Ain't easy. Not trying to talk you out of it but it gets complicated.


Yes, you're right about shelf life, etc. This is exactly why I joined the forum - to get my juices flowing thinking outside of my own head. Aside from having your own storefront, how else do you all sell your goods and to whom?

GrammyT Posted 14 Sep 2009 , 5:55pm
post #21 of 23
Quote:
Originally Posted by K8memphis-

Quote:
Originally Posted by GrammyT


In looking at retail places to sell my products (mostly local farmstands and small grocers) I've been taking note of my "competition" who seem to scratch bake and it's their big selling point on the package i.e. "finest ingredients, real cream, etc."...so I was caught up in comparing (though I still need to buy some of their goods and taste test)...now that I've just typed that I guess I might want to look at other bakers as my "colleagues" rather than competition, and accept that we all have our style and that each of us will have a place in the desires of the consumers.

Tonya



Y'know this kind of work is much much different than say for example the decorated cake and cookie world where it's made for pin point accuracy and freshness--it's used within hours of delivery in most cases.
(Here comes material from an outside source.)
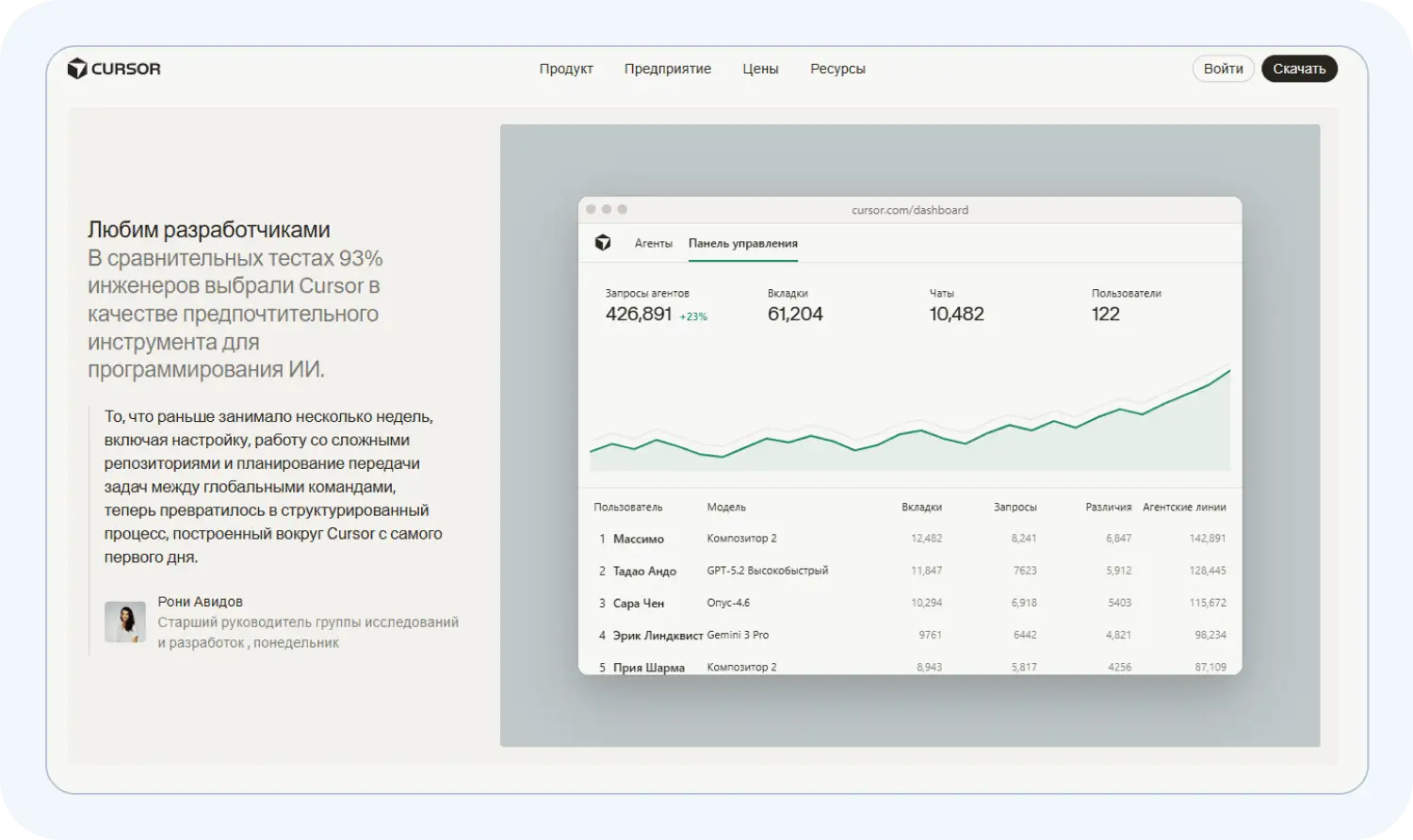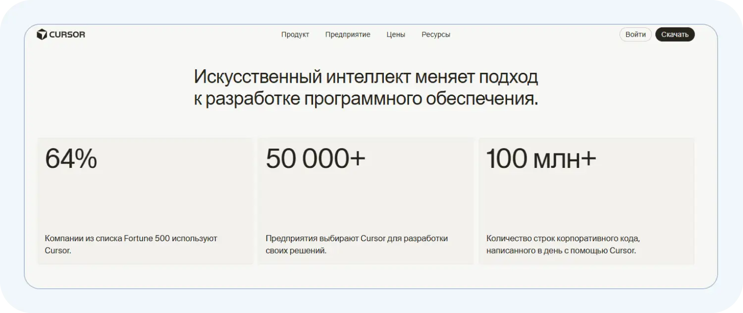 - Снижение порога входа: Джуниор-разработчики с помощью Cursor начинают выдавать код уровня мидлов, так как ИИ выступает в роли «синьора» рядом, который проверяет ошибки и подсказывает лучшие практики.

In what you're proposing, you have to package for some shelf life. You have to decide who eats the cost on the stuff that doesn't sell. If you sell outright to the retail location they will be motivated to sell your stuff in less than desirable condition so they make their money back on the investment.

If you have to eat the cost of non-sales you cut into your profit.

You loose control so you have to make up the difference with volume.

Ain't easy. Not trying to talk you out of it but it gets complicated.


Yes, you're right about shelf life, etc. This is exactly why I joined the forum - to get my juices flowing thinking outside of my own head. Aside from having your own storefront, how else do you all sell your goods and to whom?

-K8memphis Posted 14 Sep 2009 , 6:57pm
post #22 of 23

I guess the majority of people here (who sell stuff) sell by order. The customer calls and you bake it to order.

Some people on here sell at farmer's markets--but there you have control.

I don't know too many wholesalers on this site, not that there aren't any but I don't know any.

cakeymom Posted 14 Sep 2009 , 7:25pm
post #23 of 23

If I were opening a business I would go based on what I had been doing to get me to where I would even want to open a business and that which was getting the best reviews.

1. Does it taste good to my taste testers/clients???
2. Does it look good, by that I mean appetizing or do I get comments that
it's too pretty to eat???
3. Am I obtaining consistent results???
4. Is it priced correctly for the product being made???

I think those are your biggest concerns. I bake from scratch but my decorating skills, to me, are not what I would like them to be so I'm working on that issue. So, no scratch does not mean better, it's just a preference.